Return the lines that run from the beginning of the entries to the line holding "版本发布过程中,可将当前项目", inclusive, and drop the pictures.

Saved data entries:
--------------------------------------------------

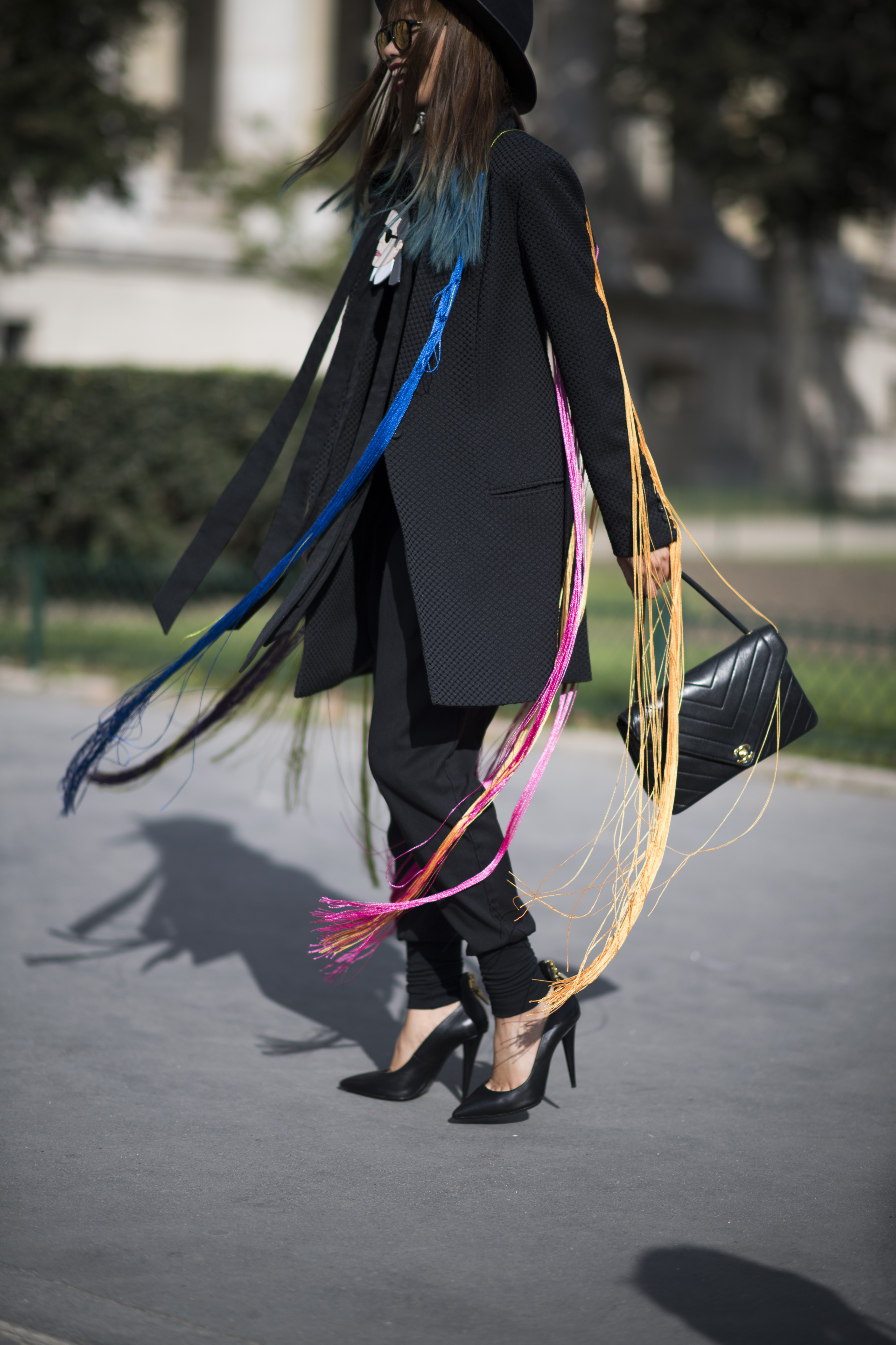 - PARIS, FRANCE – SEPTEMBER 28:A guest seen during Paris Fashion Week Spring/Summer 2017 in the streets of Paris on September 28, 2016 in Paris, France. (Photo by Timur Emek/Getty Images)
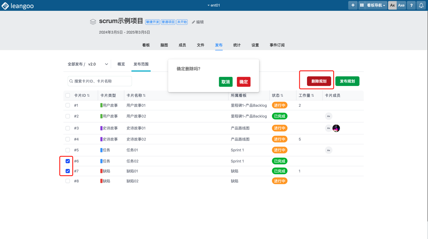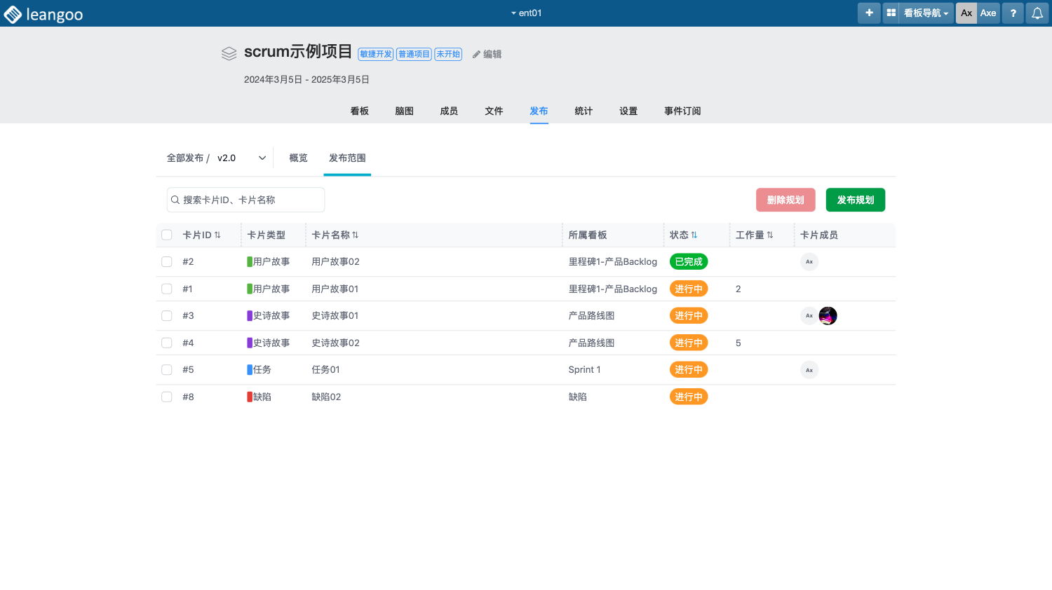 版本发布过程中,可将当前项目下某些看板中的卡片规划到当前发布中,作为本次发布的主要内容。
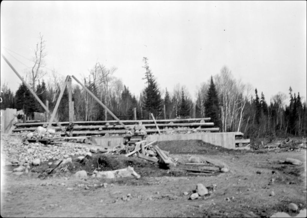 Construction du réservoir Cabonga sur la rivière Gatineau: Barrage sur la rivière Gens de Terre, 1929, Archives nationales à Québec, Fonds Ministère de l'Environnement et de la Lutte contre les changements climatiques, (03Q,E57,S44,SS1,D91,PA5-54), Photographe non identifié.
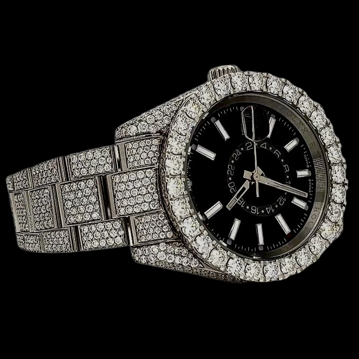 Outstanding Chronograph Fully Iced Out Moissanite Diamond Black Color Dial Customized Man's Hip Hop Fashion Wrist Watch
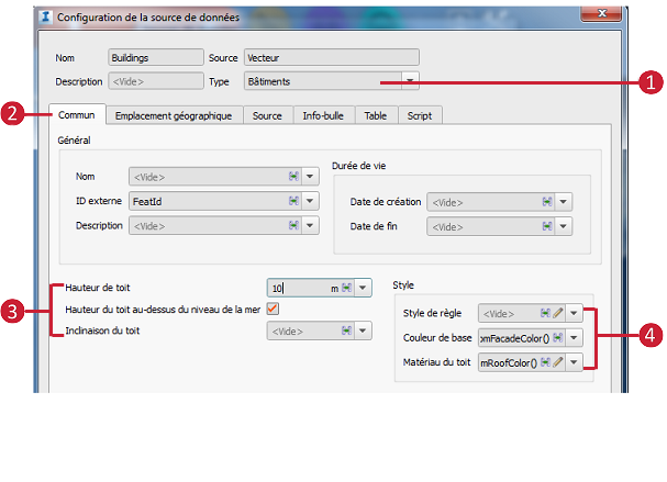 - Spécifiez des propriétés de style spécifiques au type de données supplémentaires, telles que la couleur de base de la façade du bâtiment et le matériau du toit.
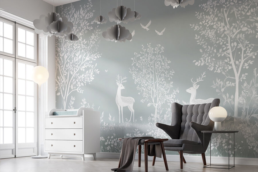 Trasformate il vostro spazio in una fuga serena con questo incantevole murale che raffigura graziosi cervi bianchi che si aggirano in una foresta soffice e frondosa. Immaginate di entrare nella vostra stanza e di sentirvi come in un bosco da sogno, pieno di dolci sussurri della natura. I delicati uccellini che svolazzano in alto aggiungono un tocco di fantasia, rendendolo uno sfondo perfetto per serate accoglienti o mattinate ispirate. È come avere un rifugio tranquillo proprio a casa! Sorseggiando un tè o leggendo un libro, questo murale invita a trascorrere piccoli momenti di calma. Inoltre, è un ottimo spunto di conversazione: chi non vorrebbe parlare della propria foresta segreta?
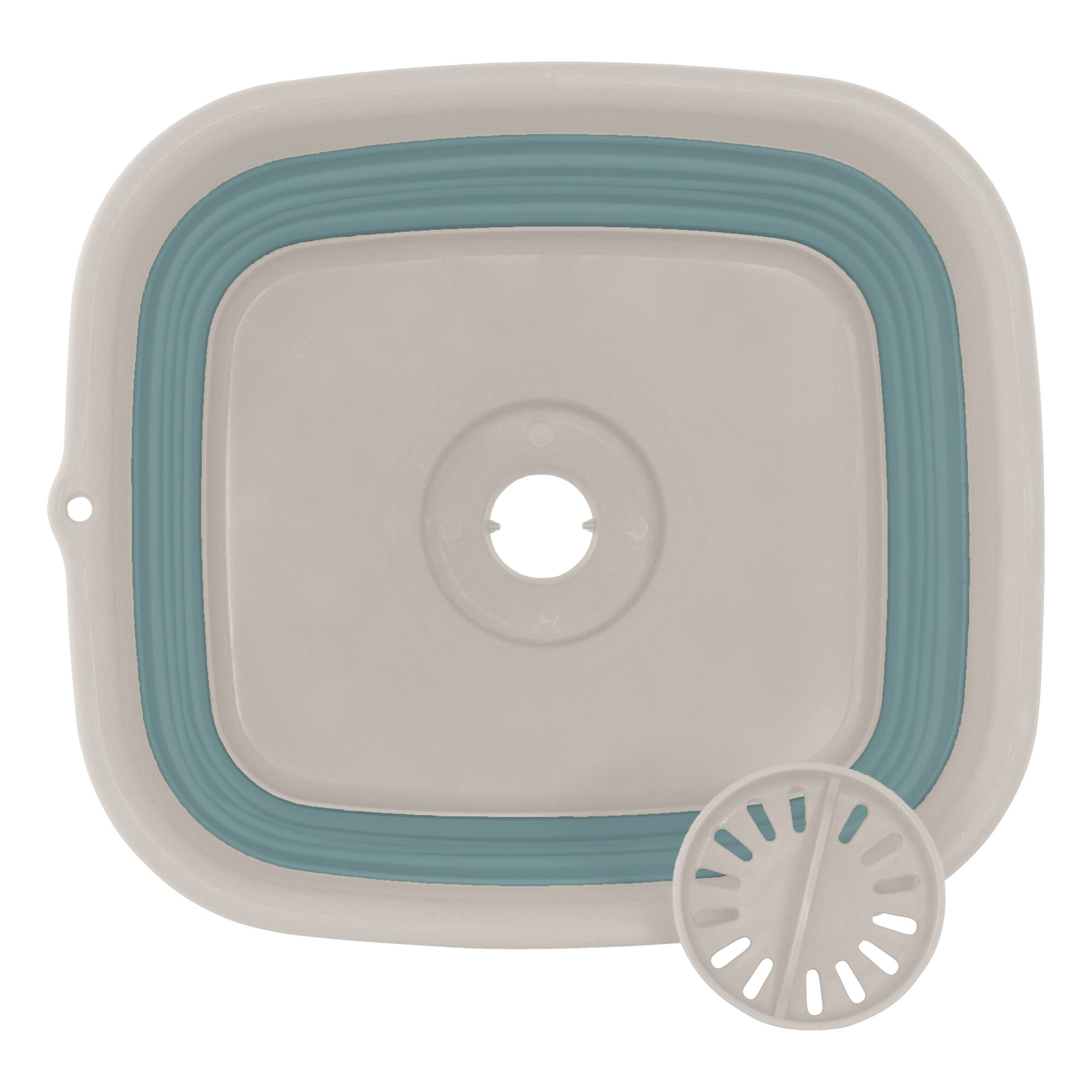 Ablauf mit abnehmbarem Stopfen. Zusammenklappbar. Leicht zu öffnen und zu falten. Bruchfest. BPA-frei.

--------------------------------------------------

Solution to the problem:
 - PARIS, FRANCE – SEPTEMBER 28:A guest seen during Paris Fashion Week Spring/Summer 2017 in the streets of Paris on September 28, 2016 in Paris, France. (Photo by Timur Emek/Getty Images)
 版本发布过程中,可将当前项目下某些看板中的卡片规划到当前发布中,作为本次发布的主要内容。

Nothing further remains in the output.